Well, maybe we have to address the question of why Jesus calls the woman and her daughter "dogs" before we can draw a definite conclusion. You see it is pretty hard to find any explanation of this that doesn't sound racist. There is a possible explanation that says that Jesus is being deliberately shocking to contrast this woman's faith with the lack of it in the Pharisees he encountered in the immediately previous story, the one we heard last week. The Pharisees who had little reason to be offended, took offence at Jesus, and this woman who is given every reason to be offended is not, but has faith. And when it comes to the way we respond to Jesus, the opposite of faith is not doubt, but offence. We either put our faith in him, or we take offence at him. But even this theory relies on acknowledging that what Jesus says is offensive, racist, even if he was only doing it for shock and not for real.

But it also may have been for real, and this need not destroy our understanding of the sinless Jesus. We sometimes make the mistake of getting our concept of sinlessness tangled up with the idea of omniscience, and we need to separate them. Our understanding of Jesus' humanity depends on it. To say that Jesus was without sin does not mean that at the age of two, he could already discern between the things his mother said that were true and the things she said because that was the way she had been brought up. Anyone who is raised in a racist culture will grow up with racist assumptions, but at some point something happens and you become aware that this is not the only way to think. You become aware that you could choose not to think of gentiles as dogs. And at that point, whether it happens at age twelve or age thirty, you become responsible for being racist or not being racist.
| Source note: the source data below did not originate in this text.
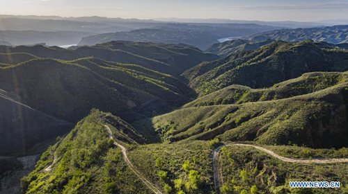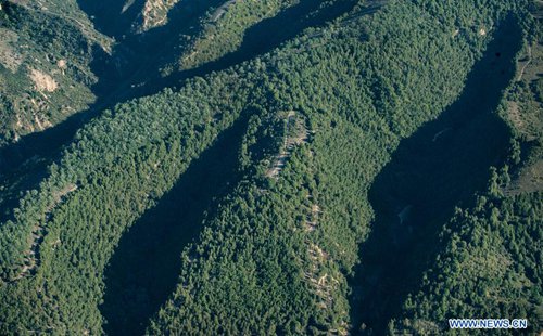 Aerial photo taken on Oct. 2, 2010 shows the scenery of Nanniwan in Baota District of Yan'an, northwest China's Shaanxi Province. The city of Yan'an on the Loess Plateau, where 258 million tonnes of mud and sand were once washed into the Yellow River each year, has seen its landscape improve greatly. Since 1999, local government has returned 718,307 hectares of farmland to forests, increasing the local vegetation coverage rate from 46 percent in 2000 to over 80 percent at present. Data showed that the city reported fewer sand and dust days in recent years, and the annual amount of mud and sand washed into the Yellow River has been slashed by 88 percent to 31 million tonnes. (Photo: Xinhua)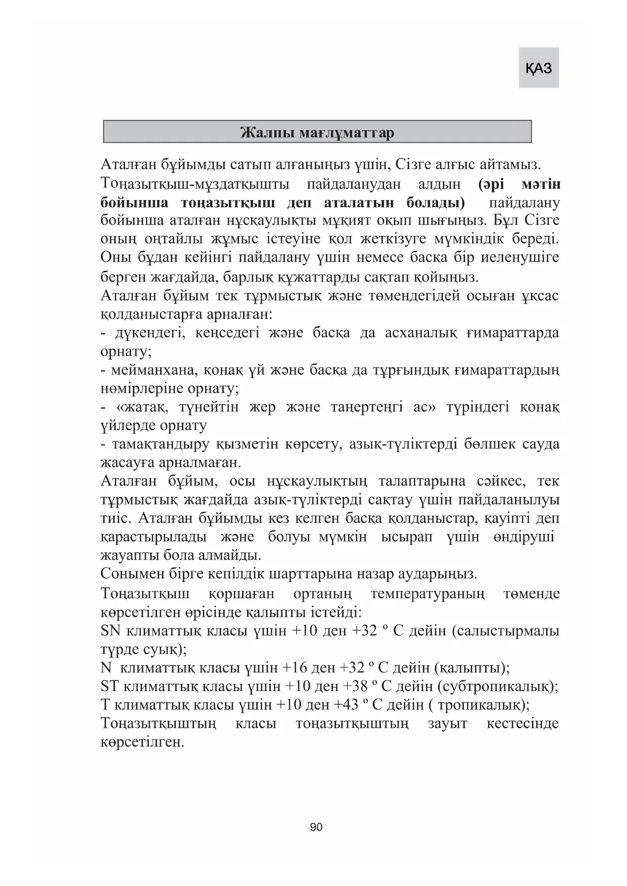 - мейманхана, қонақ үй жəне басқа да тұрғындық ғимараттардың нөмірлеріне орнату; - «жатақ, түнейтін жер жəне таңертеңгі ас» түріндегі қонақ үйлерде орнату - тамақтандыру қызметін көрсету, азық-түліктерді бөлшек сауда жасауға арналмаған. Аталған бұйым, осы нұсқаулықтың талаптарына сəйкес, тек тұрмыстық жағдайда азық-түліктерді сақтау үшін пайдаланылуы тиіс. Аталған бұйымды кез келген басқа қолданыстар, қауіпті деп қарастырылады жəне болуы мүмкін ысырап үшін өндіруші жауапты бола алмайды. Сонымен бірге кепілдік шарттарына назар аударыңыз. Тоңазытқыш қоршаған ортаның температураның төменде көрсетілген өрісінде қалыпты істейді: SN климаттық класы үшін +10 ден +32 º С дейін (салыстырмалы түрде суық); N климаттық класы үшін +16 ден +32 º С дейін (қалыпты); SТ климаттық класы үшін +10 ден +38 º С дейін (субтропикалық); Т климаттық класы үшін +10 ден +43 º С дейін ( тропикалық); Тоңазытқыштың класы тоңазытқыштың зауыт кестесінде көрсетілген.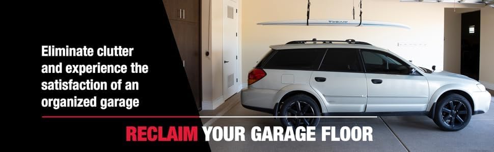 - SAFEST HOIST DESIGN WITH ANTI-DROP SYSTEM: Self-locking cleat grips instantly to prevent accidental release if the rope is dropped. Patented system lifts the load evenly regardless of weight distribution, allowing the load to be stored against the garage ceiling for maximum clearance underneath.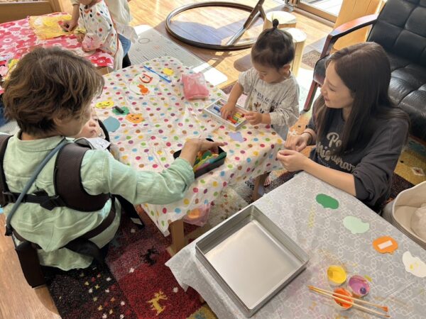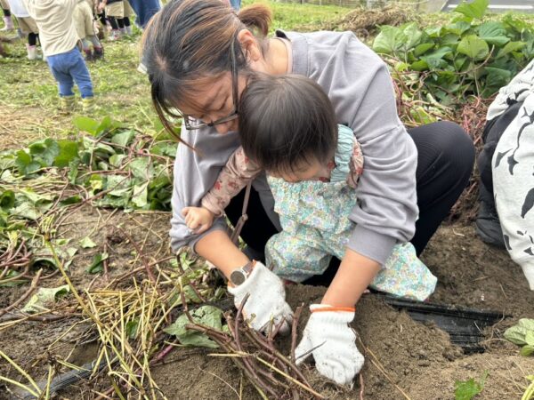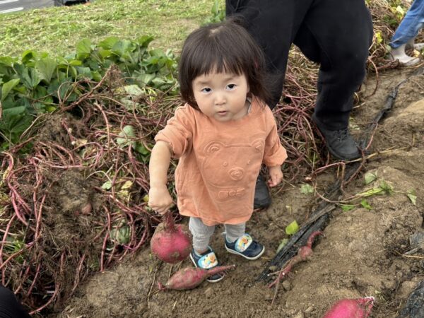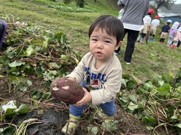 今日の作ってあそぼう(親子制作)では ★ハロウィン制作で『おばけ』とマントを制作。 駐車場の前にある畑で、 こども園の幼児部さんたちが植えた サツマイモの収穫をしていたので、 センターのおともだちも サツマイモほりに参加。 大きなサツマイモを持ってにっこり。

The decision you make at that moment will be to change or to sin. From that moment on, racism will no longer be just a part of your cultural inheritance, it will be a choice, and a sinful choice. And it is perfectly consistent with our understanding of Jesus as the person who never sinned that this is his moment of realisation. At this moment, this gentile woman challenges the racism of his inherited world view. And a lesser man would have been angered by the challenge and poured scorn on her. A lesser man could not have coped with the questioning of his people's beliefs. And a lesser man certainly wouldn't have accepted the challenge from a gentile, and even less from a gentile woman. But a real man, a perfect sinless whole human being is not only able to accept the challenge, but he is able to reframe his world view on the spot, acknowledge the wrongness of the position he had previously expressed, and respond with grace and humour. "Touche! You're absolutely right! Your words have carried the day. Go home. The demons are gone. Your daughter is free."

Now where does that leave us? Well it leaves us with Jesus having expressed something that we mostly take for granted — charity begins at home, look after your own first —and then promptly repented of it. And in case you think it was a one off, the very next story which we also heard read tonight has Jesus, still in gentile territory but on his way home, being asked to heal another gentile, and this time he has no questions. He responds readily.

When we turn across to our reading from the letter of James, we find that James has taken on board the radical implications of this, but that the churches are still struggling to come to terms with it. No surprise perhaps; the churches are still struggling to come to terms with it. "Sisters and brothers," says James, "if you really believe in our glorious Lord Jesus Christ, how come you still play favourites?" How come you are still more ready to welcome some people into your gatherings than others? How come you show a warmer and more enthusiastic welcome to that educated, employed, tolerant, socially aware, piano playing, couple with children, than you do to that awkward unemployed bloke with the heavy accent?

What has been convicting me more and more of late is that I don't think James' words about playing favourites are exhausted by his example of who we will welcome into our gatherings. I think perhaps he might have asked "Why are you playing favourites?" when he saw our immigration and border protection policies. And I think he might have asked "Why are you playing favourites?" when he saw our "Buy Australian" campaigns. And I think he might have asked "Why are you playing favourites?" when he heard our angst over whether our taxes were funding services on our side of the border or the other side of the border. And he might even ask "Why are you playing favourites?" when he heard us say charity begins at home, or you've got to look after your own first, or I'd lay down my life for my family.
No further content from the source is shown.